- Theatrical release poster
- Directed by: Jake Schreier
- Screenplay by: Christopher D. Ford
- Produced by: Lance Acord; Sam Bisbee; Jackie Kelman-Bisbee; Galt Niederhoffer;
- Starring: Frank Langella; Susan Sarandon; Peter Sarsgaard; James Marsden; Liv Tyler;
- Cinematography: Matthew J. Lloyd
- Edited by: Jacob Craycroft
- Music by: Francis and the Lights
- Production companies: Stage 6 Films; Park Pictures; White Hat Entertainment; Dog Run Pictures;
- Distributed by: Samuel Goldwyn Films
- Release dates: January 20, 2012 (Sundance); August 24, 2012 (United States);
- Running time: 89 minutes
- Country: United States
- Language: English
- Budget: $2.5 million
- Box office: $4.9 million

= Robot & Frank =

2012 film directed by Jake Schreier

Robot & Frank is a 2012 American science fiction comedy-drama film directed by Jake Schreier (in his directorial debut) from a screenplay by Christopher D. Ford. The film stars Frank Langella, Susan Sarandon, Peter Sarsgaard, James Marsden, and Liv Tyler.
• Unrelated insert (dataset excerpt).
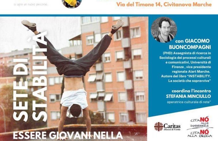 È in programma per domenica 4 dicembre, alle ore 17 nella parrocchia San Pietro di Civitanova Marche, l’incontro dal titolo “Sete di stabilità. Essere giovani nella società instabile”, organizzato dalla rete sociale “Oltre”, che partirà dalla presentazione del libro “Instability. La società che sopravvive” (Edizioni LaGru), di Giacomo Buoncompagni, assegnista di ricerca in Sociologia dei processi culturali e comunicativi all’Università di Firenze. “Si tratta di un appuntamento che ha come protagonisti i giovani, un evento che è stato voluto ed ideato proprio dai giovani e dove un giovane scrittore e ricercatore universitario, sarà protagonista. Ci piace questo impegno dei giovani. Come ricordato anche da Papa Francesco ‘i giovani sono speranza e futuro’ e proprio per questo diventa importante sostenere il protagonismo dei giovani”. Sono queste le parole di Barbara Moschettoni, direttrice della Caritas di Fermo, che presenta questo appuntamento come l’occasione per riflettere sull’idea di stabilità nella società contemporanea e come in questo scenario si inseriscono i giovani. Un momento di riflessione che, coordinata da Stefania Minciullo, operatrice culturale di rete, penderà spunto dal tema dei giovani affrontato nel libro, cercando il ruolo degli stessi nella società attuale, dove non ci si ferma spesso per riconoscere il valore delle relazioni e della cooperazione.

Robot & Frank was the first feature film for both Schreier and Ford, and received critical acclaim for its writing, production, and acting. It won the Alfred P. Sloan Prize at the 2012 Sundance Film Festival, tying with the Kashmiri film Valley of Saints by Musa Syeed.

The robot was created by Tony Gardner's special effects company Alterian, Inc.

== Plot ==
Set in the near future, aging ex-convict and thief Frank Weld lives alone and suffers from increasingly severe mental deterioration and dementia. Frank's son Hunter, an attorney with a family of his own, grows tired of making weekly visits to his father's home without his kids, but is reluctant to put his father into full-time care, so he purchases a robot companion, which is programmed to provide Frank with therapeutic care, including a fixed daily routine and cognition-enhancing activities like gardening.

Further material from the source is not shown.